Su repetición implica la existencia de una ley constante: su doble cara de mensaje de denuncia y, a la par, de goce mortífero y pulsión destructora desbordada. La denuncia que se escucha tiene razones diversas: desde la injusticia hasta la tentación autoritaria del sistema, pasando por la corrupción y el cinismo de muchos de sus representantes. Esa denuncia se grita en la calle porque muchos, la mayoría, no confía en que se escuche en las instituciones. Como toda denuncia, es discutible, pero en ningún caso sirve de mucho ignorarla. Insistirá hasta hacerse oír. Sus modos son desafiantes y radicales porque ese es el lenguaje en el que sus protagonistas se sienten auténticos, lo otro les parece una pose insostenible.
La otra cara de la violencia, la más oscura, es la más inquietante. Lo que arde y lo que se arroja no son solo containers o adoquines, es también la rabia y el odio, destilados a veces durante tiempo. El odio a los policías, que encarnan a los guardianes del sistema, es también el odio-de-si-mismos de esos jóvenes por el sentimiento, consciente o no, de que no les aguarda un futuro muy halagüeño. Los nacidos en los 80 fueron los primeros en ver disminuir su nivel de vida respecto a sus progenitores, los de los 90 tienen dificultades serias para encontrar un trabajo que les permita emanciparse dignamente y los que ahora tienen 20 años -buena parte de los presentes en los altercados- tardarán en encontrar un trabajo e irse de casa.

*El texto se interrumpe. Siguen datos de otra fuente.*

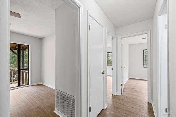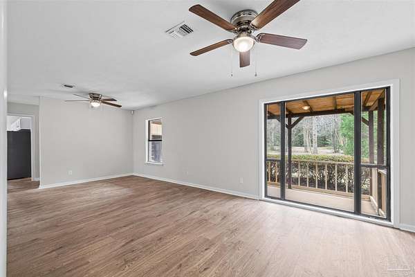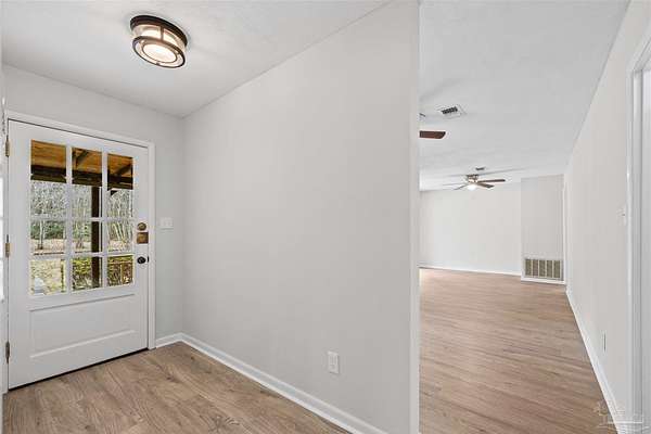 Absolute privacy on over 2.7 acres surrounded by woods. This 3 Bedroom 2 Bath has had substantial renovations this year in preparation for listing. Pine Top Ln in Cantonment is Just a half hour drive to Beautiful Beaches, and less to Malls, the Airport, Hospitals and Shopping. New premium LVP flooring laid throughout the home with NO CARPET! The kitchen has all new appliances, quartz counters, lighting and fixtures. The living room and kitchen both have large picture windows. The windows in the finished space have all been replaced with double pane insulated windows for added energy efficiency and temperature control. The spacious bedrooms are big enough for queen or king furniture. All new ceiling fans throughout the home as well. There is an oversized 2 car garage with independent bay doors and an additional store/shop room just off the entrance to the home for tons of storage! There is a covered and enclosed back porch as well as a partial fenced backyard to keep dogs contained to a portion of the property. Recently updated roof. Don't miss your opportunity to have seclusion and updates for a great price! Call today for a showing!

Junto a los indignados por este No Future, hay los que gozan de la escena sin pudor, disfrutan del enfrentamiento y la destrucción, a veces por el simple placer y otras amparados en confusas argumentaciones ideológicas de carácter nihilista. No faltan los sujetos más lumpen, aquellos desheredados de la historia que no dudan en pillar su botín como consuelo. Esa amalgama de pasiones confiere al fenómeno su carácter caótico y acéfalo, no hay ningún interlocutor posible porque allí no hay ya lugar para la palabra ni la mediación. Es una escena catártica que dura un tiempo, hasta que la pesadilla vuelve a convertirse en sueño y nos deja descansar.
El problema, como recordaba el psicoanalista D. Winnicott a propósito de las revueltas juveniles en el Londres de los ’60, es que “Hoy en día, desearíamos más bien que la juventud durmiese desde los 12 años hasta los 20 pero la juventud no dormirá. La tarea permanente de la sociedad, con respecto a los jóvenes, es sostenerlos y contenerlos, evitando a la vez la solución falsa y esa indignación moral nacida de la envidia del vigor y la frescura juveniles.” No cabe, pues, ignorar sus sueños si no queremos encontrarnos cada poco tiempo con el retorno de la pesadilla. Para lo cual, debemos ofrecerles las oportunidades que requieren para que puedan, como protagonistas, elegir su destino. Esa oferta incluye -como dice Winnicott- sostenerlos, pero también contenerlos, sobre todo para que no sean ellos los que terminen ardiendo en sus propias hogueras.